§ Problem to work on
Please repeat, exactly and without pictures, the lines of the entries below that run from the one containing "الاكل إجمالا لذيذ" through the one containing "今回で7回目を迎える定期演奏".

(Items from a dataset)
+ + + + + + +
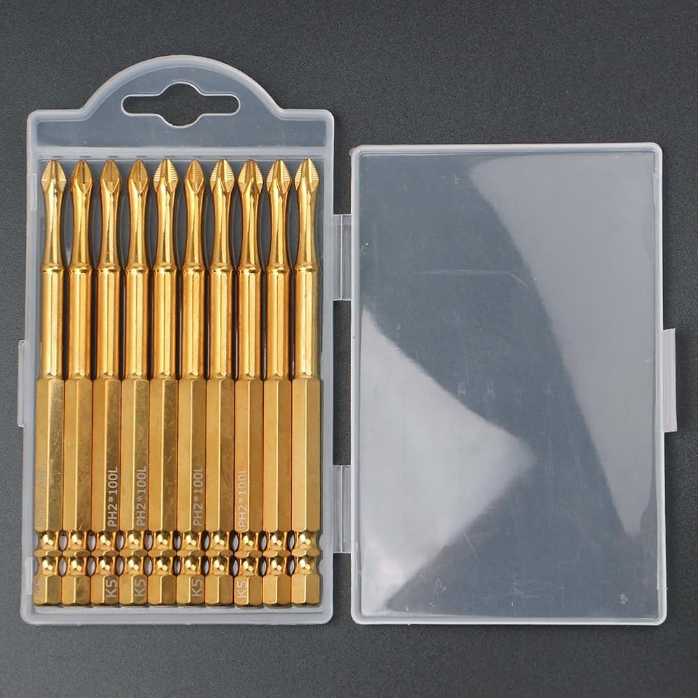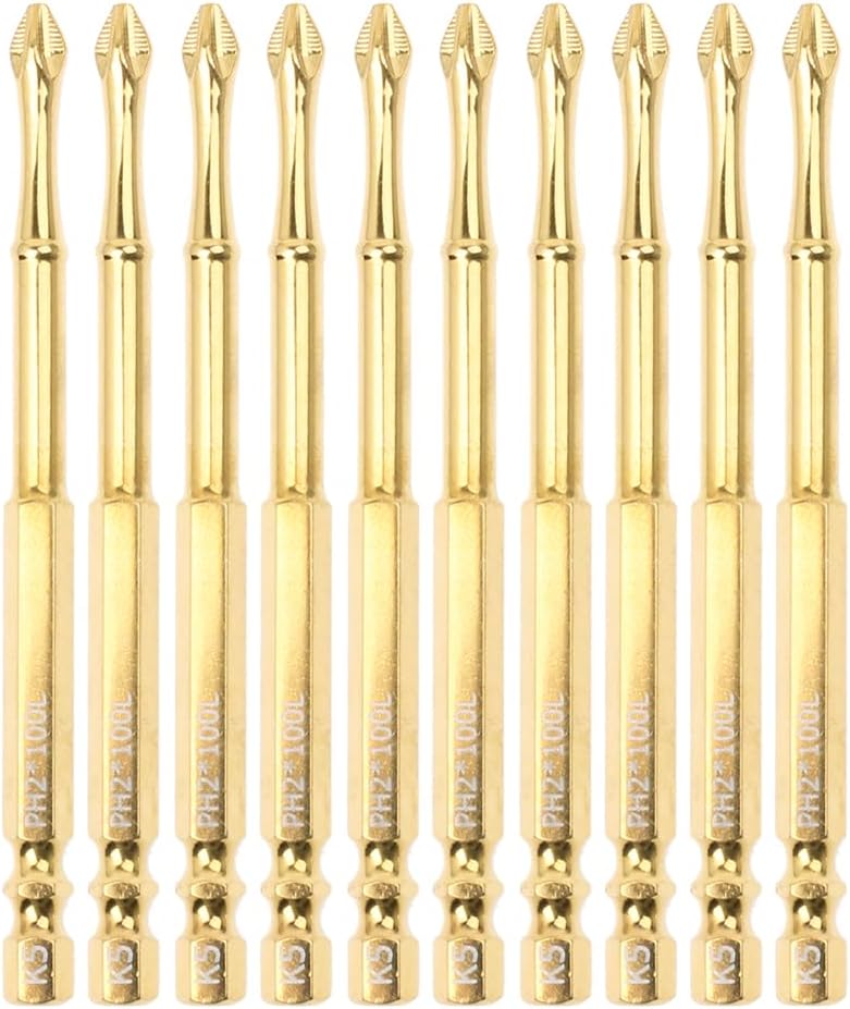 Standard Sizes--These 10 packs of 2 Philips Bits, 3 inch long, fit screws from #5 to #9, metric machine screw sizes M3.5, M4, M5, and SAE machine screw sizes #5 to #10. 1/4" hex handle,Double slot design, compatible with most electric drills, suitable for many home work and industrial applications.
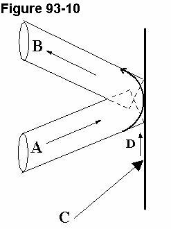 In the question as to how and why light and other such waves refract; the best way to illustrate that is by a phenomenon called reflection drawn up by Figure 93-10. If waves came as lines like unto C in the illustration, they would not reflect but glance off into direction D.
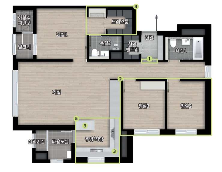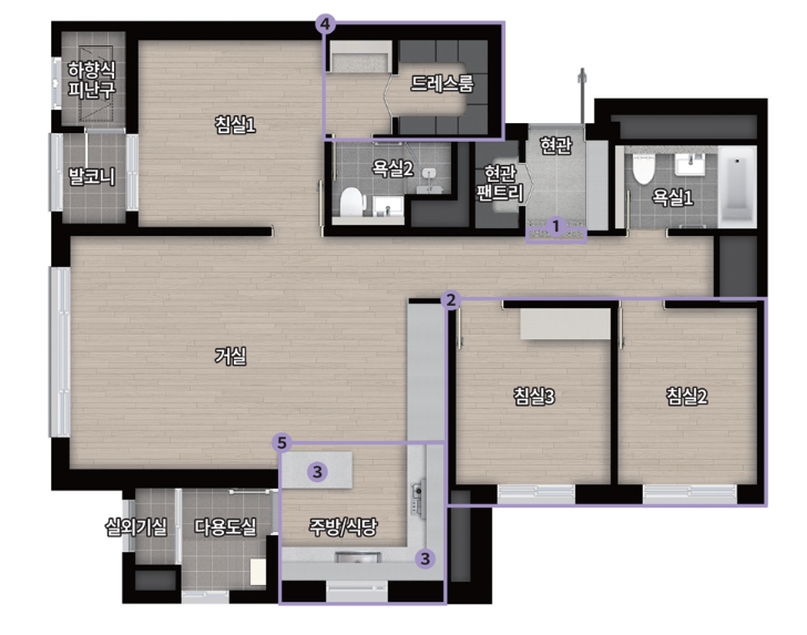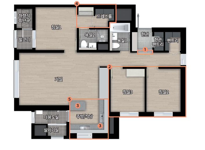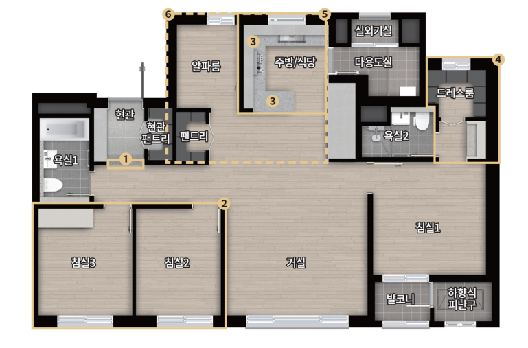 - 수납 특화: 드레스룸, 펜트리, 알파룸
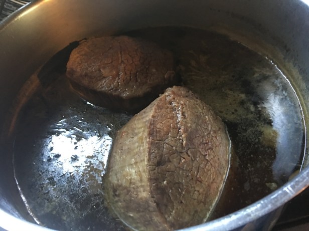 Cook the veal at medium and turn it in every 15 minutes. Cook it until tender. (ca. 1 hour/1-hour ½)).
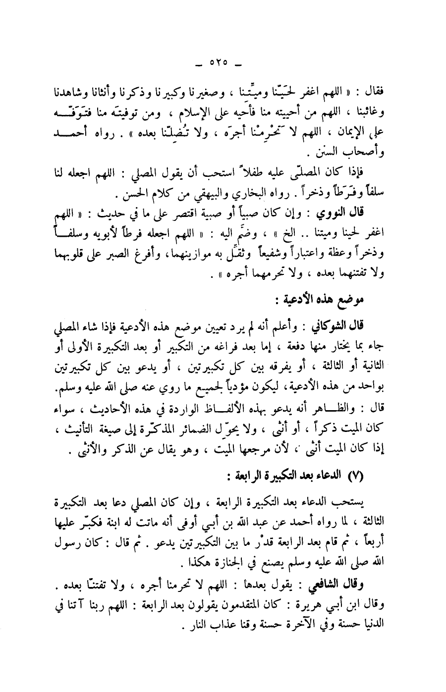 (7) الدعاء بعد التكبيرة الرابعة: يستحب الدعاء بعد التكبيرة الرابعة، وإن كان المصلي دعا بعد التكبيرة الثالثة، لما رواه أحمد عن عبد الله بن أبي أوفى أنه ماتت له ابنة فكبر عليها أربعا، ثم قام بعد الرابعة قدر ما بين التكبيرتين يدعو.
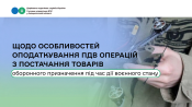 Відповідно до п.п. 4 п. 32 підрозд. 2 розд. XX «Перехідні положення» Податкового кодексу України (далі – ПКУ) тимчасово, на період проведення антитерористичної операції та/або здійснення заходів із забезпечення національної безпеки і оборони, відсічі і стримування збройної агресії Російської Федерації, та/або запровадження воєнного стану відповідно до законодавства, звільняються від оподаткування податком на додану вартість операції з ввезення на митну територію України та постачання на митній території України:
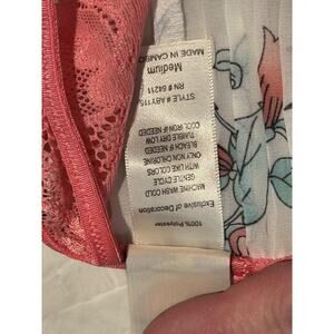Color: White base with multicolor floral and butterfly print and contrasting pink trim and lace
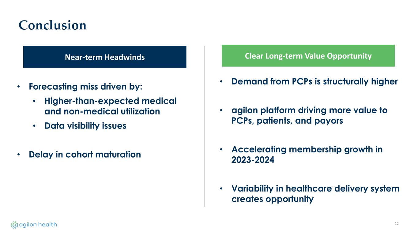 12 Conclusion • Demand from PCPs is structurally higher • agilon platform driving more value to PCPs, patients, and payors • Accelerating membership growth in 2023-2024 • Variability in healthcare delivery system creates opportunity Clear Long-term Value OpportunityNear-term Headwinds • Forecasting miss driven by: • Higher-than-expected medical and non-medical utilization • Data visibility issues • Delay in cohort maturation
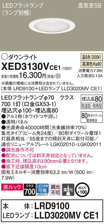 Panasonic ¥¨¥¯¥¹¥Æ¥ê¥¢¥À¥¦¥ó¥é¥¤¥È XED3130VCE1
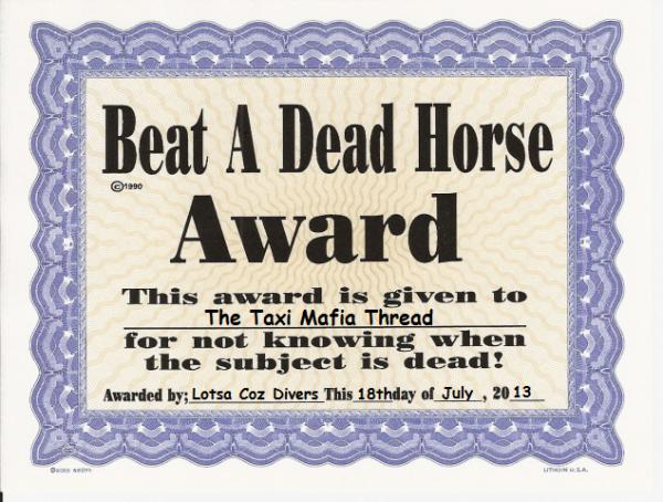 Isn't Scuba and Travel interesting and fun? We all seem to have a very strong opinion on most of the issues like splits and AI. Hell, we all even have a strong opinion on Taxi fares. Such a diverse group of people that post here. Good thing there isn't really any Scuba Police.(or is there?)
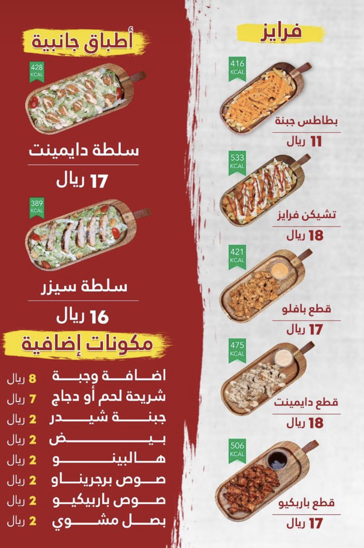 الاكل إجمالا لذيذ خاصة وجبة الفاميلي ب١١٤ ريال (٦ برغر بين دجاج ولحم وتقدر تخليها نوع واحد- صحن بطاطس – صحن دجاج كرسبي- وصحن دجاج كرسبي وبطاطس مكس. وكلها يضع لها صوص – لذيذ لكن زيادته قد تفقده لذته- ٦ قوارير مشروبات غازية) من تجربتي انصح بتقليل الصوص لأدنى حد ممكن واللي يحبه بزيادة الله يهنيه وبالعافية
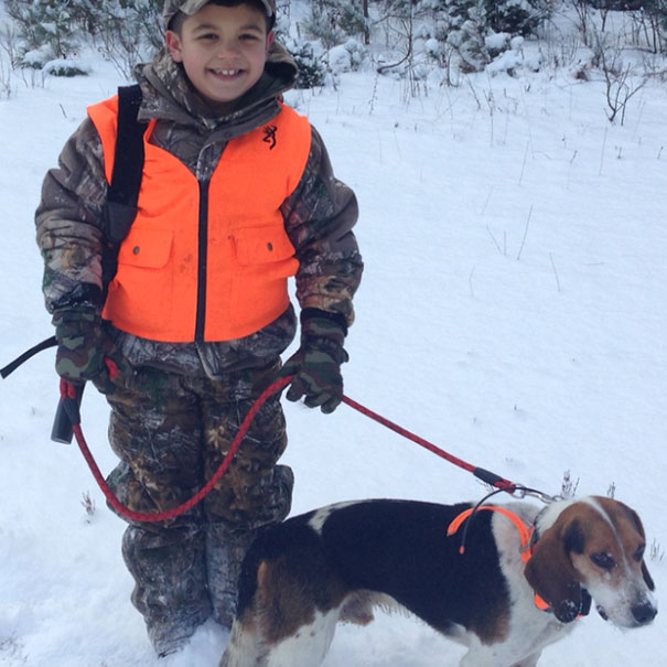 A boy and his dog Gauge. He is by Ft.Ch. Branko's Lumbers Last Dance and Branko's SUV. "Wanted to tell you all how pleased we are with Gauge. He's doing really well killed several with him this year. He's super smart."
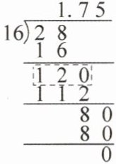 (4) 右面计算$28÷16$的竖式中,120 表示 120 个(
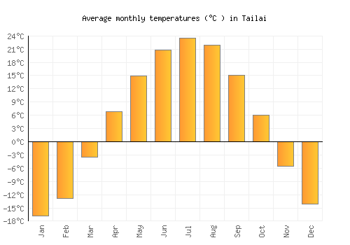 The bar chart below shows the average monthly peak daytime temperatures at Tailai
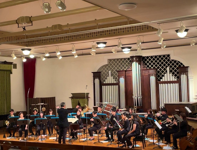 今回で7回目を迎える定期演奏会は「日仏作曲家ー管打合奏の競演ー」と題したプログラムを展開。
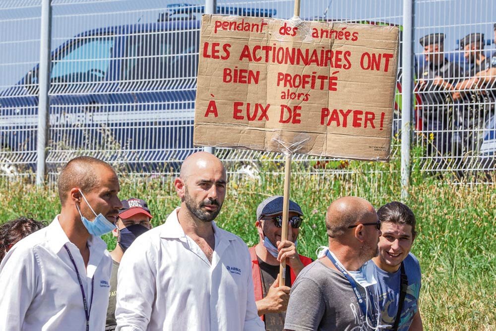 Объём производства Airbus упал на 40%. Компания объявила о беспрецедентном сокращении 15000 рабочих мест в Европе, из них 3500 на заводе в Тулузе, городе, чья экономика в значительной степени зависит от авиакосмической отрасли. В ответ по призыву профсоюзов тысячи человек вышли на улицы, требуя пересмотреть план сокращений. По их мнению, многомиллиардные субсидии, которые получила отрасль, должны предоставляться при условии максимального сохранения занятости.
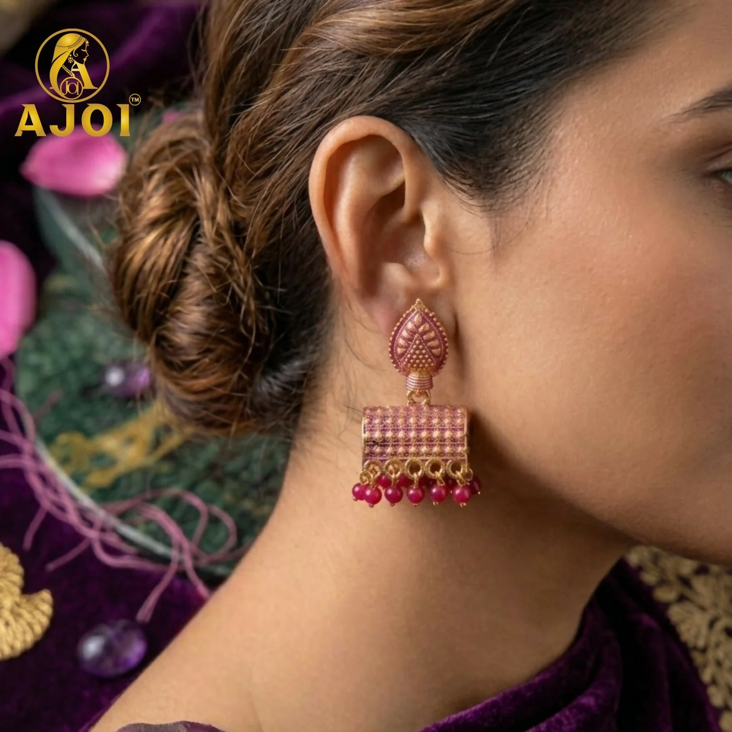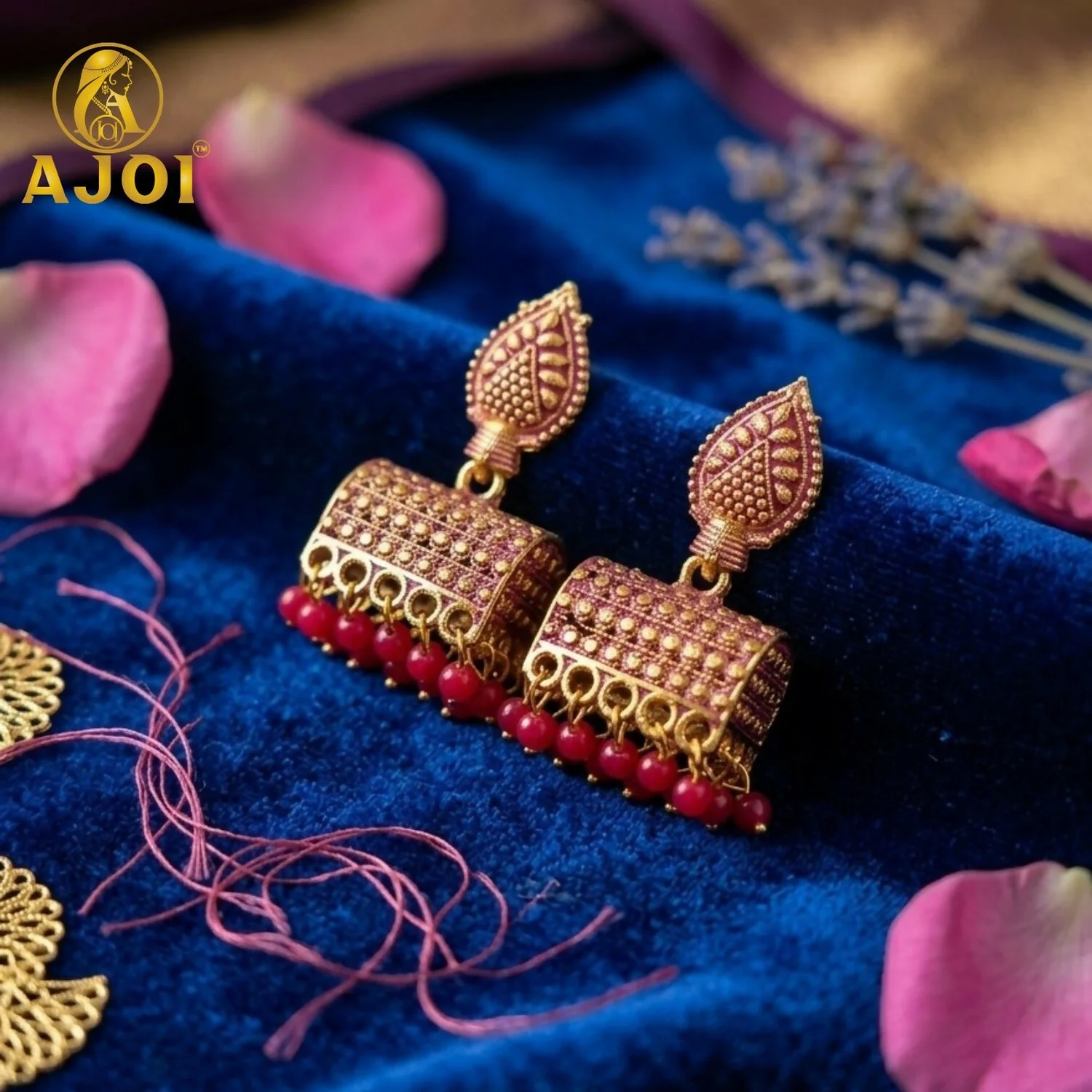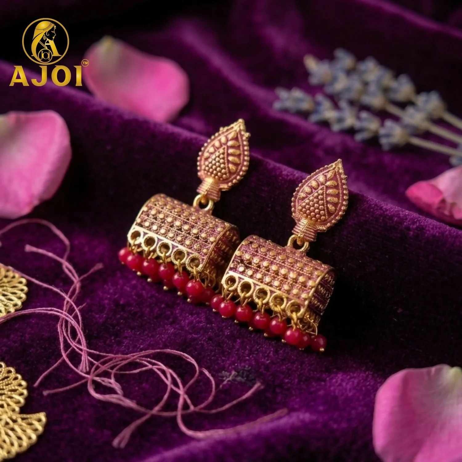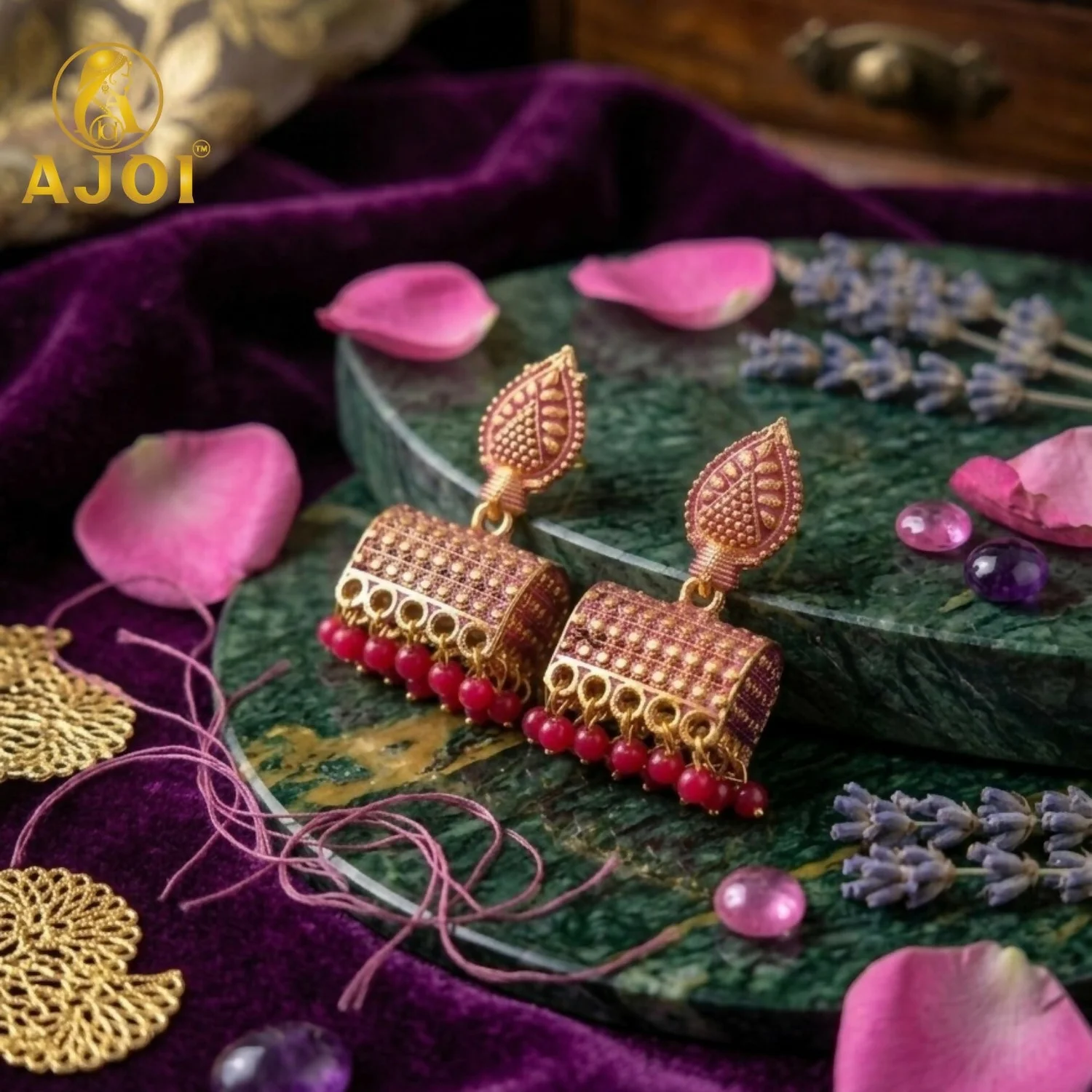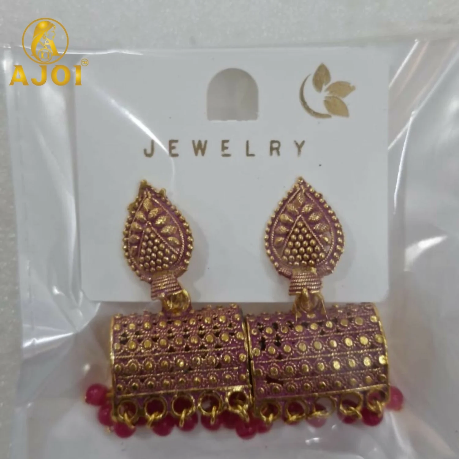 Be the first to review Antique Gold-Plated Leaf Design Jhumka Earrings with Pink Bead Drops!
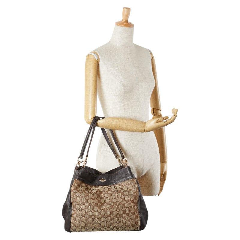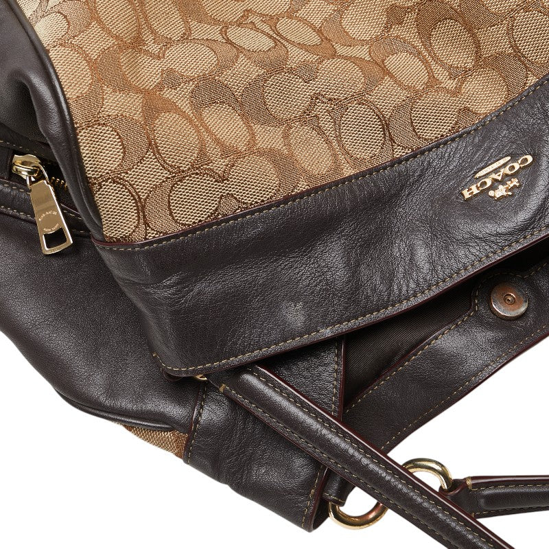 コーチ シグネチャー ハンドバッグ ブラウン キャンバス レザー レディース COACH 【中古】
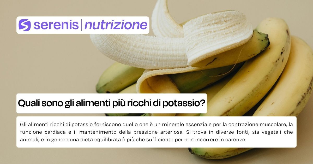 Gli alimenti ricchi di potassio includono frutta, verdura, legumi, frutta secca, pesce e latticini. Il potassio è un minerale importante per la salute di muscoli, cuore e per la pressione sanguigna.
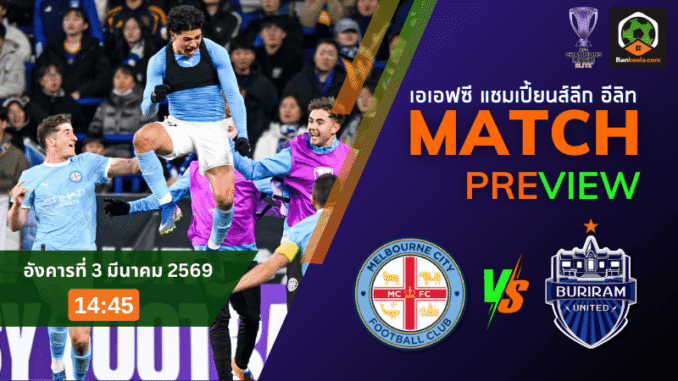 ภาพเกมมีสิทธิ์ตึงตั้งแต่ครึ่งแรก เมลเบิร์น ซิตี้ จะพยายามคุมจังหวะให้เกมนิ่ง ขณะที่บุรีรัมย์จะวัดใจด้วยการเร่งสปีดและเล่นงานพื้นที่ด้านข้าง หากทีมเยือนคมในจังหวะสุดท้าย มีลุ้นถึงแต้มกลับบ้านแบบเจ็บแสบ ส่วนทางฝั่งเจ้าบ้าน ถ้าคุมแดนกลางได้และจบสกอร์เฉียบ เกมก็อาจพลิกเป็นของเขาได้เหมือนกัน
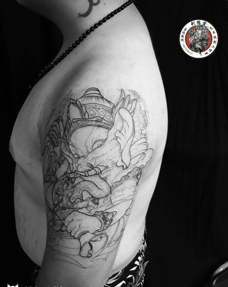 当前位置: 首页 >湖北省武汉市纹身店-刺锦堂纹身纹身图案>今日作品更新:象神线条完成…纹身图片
+ + + + + + +
§ Answer for this exercise
 الاكل إجمالا لذيذ خاصة وجبة الفاميلي ب١١٤ ريال (٦ برغر بين دجاج ولحم وتقدر تخليها نوع واحد- صحن بطاطس – صحن دجاج كرسبي- وصحن دجاج كرسبي وبطاطس مكس. وكلها يضع لها صوص – لذيذ لكن زيادته قد تفقده لذته- ٦ قوارير مشروبات غازية) من تجربتي انصح بتقليل الصوص لأدنى حد ممكن واللي يحبه بزيادة الله يهنيه وبالعافية
 A boy and his dog Gauge. He is by Ft.Ch. Branko's Lumbers Last Dance and Branko's SUV. "Wanted to tell you all how pleased we are with Gauge. He's doing really well killed several with him this year. He's super smart."
 (4) 右面计算$28÷16$的竖式中,120 表示 120 个(
 The bar chart below shows the average monthly peak daytime temperatures at Tailai
 今回で7回目を迎える定期演奏会は「日仏作曲家ー管打合奏の競演ー」と題したプログラムを展開。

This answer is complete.